My favorite lie is " I don't have cash, I'll catch you on the app!" That's a definite no tip! PAX biggest lie.


----------



## Roadmasta (Aug 4, 2017)

Disgusted38 said:


> My favorite lie is " I don't have cash, I'll catch you on the app!" That's a definite no tip! PAX biggest lie.


90% of the time, nothing.


----------



## Disgusted38 (Dec 18, 2018)

Roadmasta said:


> 90% of the time, nothing.


I know... luckily I get good tips in general, but as soon as I hear that, I know I'm not. And those are usually the ppl you stop at 7-11 for or they didn't add their friend that's just around the corner etc... ?


----------



## MHR (Jul 23, 2017)

0 Great Amenities - I think if I ever receive one of those I’ll have to hand in my moderator sash.

Lots of Above and Beyond. Apparently dropping people off at the actual destination address is superlative customer service in my territory.


----------



## Don Fanucci (May 26, 2019)

Go to The Ritz Carlton if you want great amenities I’m not a hotel on wheels


----------



## nouberipo (Jul 24, 2018)

Mista T said:


> Come on, man, badges are for fun! I don't give out squat, and I have one of those. Just ask for a specific badge when you know they aren't going to tip anyway. I have Cool Car and Amenities and Great Music badges, by asking.


Ask for specific badge? Um, badges don't pay bills and these millennial derived emoticons and badges remind me of when I was in pre-school and used to get star or smiley face stickers. When I don't drive I am not driving for fun but rather to pay bills. Again, these childish badges don't pay the bills and fun does not pay the bills either.


----------



## Homie G (Oct 19, 2017)

Fozzie said:


> No freebies, no ass kissing, no fancy vehicle.
> 
> Basic service for basic rates.
> 
> View attachment 328771


Foz, you gotta step up your act.

Zero on all 3

U da man


----------



## FLKeys (Dec 27, 2018)

When you learn how to sell your badges on eBay you will see the true value. A complete set fetches top $$$.


----------



## Flier5425 (Jun 2, 2016)

MHR said:


> 0 Great Amenities - I think if I ever receive one of those I'll have to hand in my moderator sash.
> 
> Lots of Above and Beyond.
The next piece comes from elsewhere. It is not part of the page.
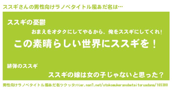 | 意味不明あだ名 | 『住所不定無職ススギ(43歳)』『自称ススギ』 |

Apparently dropping people off at the actual destination address is superlative customer service in my territory.


You could always pay someone for that "Great Amenities" badge. It would be a great amenity for them, right?


----------



## MHR (Jul 23, 2017)

Flier5425 said:


> You could always pay someone for that "Great Amenities" badge. It would be a great amenity for them, right?


A bit broke right now.

I'm bidding on a 2* rating on eBay, they're rare so the bidding war is on.


----------



## MadTownUberD (Mar 11, 2017)

One great amenities
Zero entertaining driver
Tons of excellent service and great convo
A smattering of the others


----------



## No Prisoners (Mar 21, 2019)

Any badges for declining X rides without surge


----------



## lowcountry dan (Jun 15, 2017)

It's very rare that I get a rating or comment of any kind. That is a thing of the past. The newness wore off and now Pax can't be bothered except to give you a bad rating if they are pissed off. I get tips but no 5 star rating all the time. Ratings and comments are so yesterday.


----------



## ubercrashdummy (Mar 5, 2015)

Want a little arsenic with your next Uber?

https://amp.usatoday.com/amp/1513176001


----------



## itendstonight (Feb 10, 2019)

Proud of my ZERO amenities badge ??


----------



## Dustinmc406 (Apr 1, 2019)

Nooooooo!!!!!! I just checked and I got one recently.??? I Blame CarGo for this miscarriage of justice.


----------



## WAHN (May 6, 2019)

Dustinmc406 said:


> Nooooooo!!!!!! I just checked and I got one recently.??? I Blame CarGo for this miscarriage of justice.


Wait, when did Ubering become an Olympic event???


----------



## Dustinmc406 (Apr 1, 2019)

WAHN said:


> Wait, when did Ubering become an Olympic event???
> 
> View attachment 330651


Hahaha didn't even see that comment there. I'm pushing for the 2024 summer games for it to be an official sport lol.


----------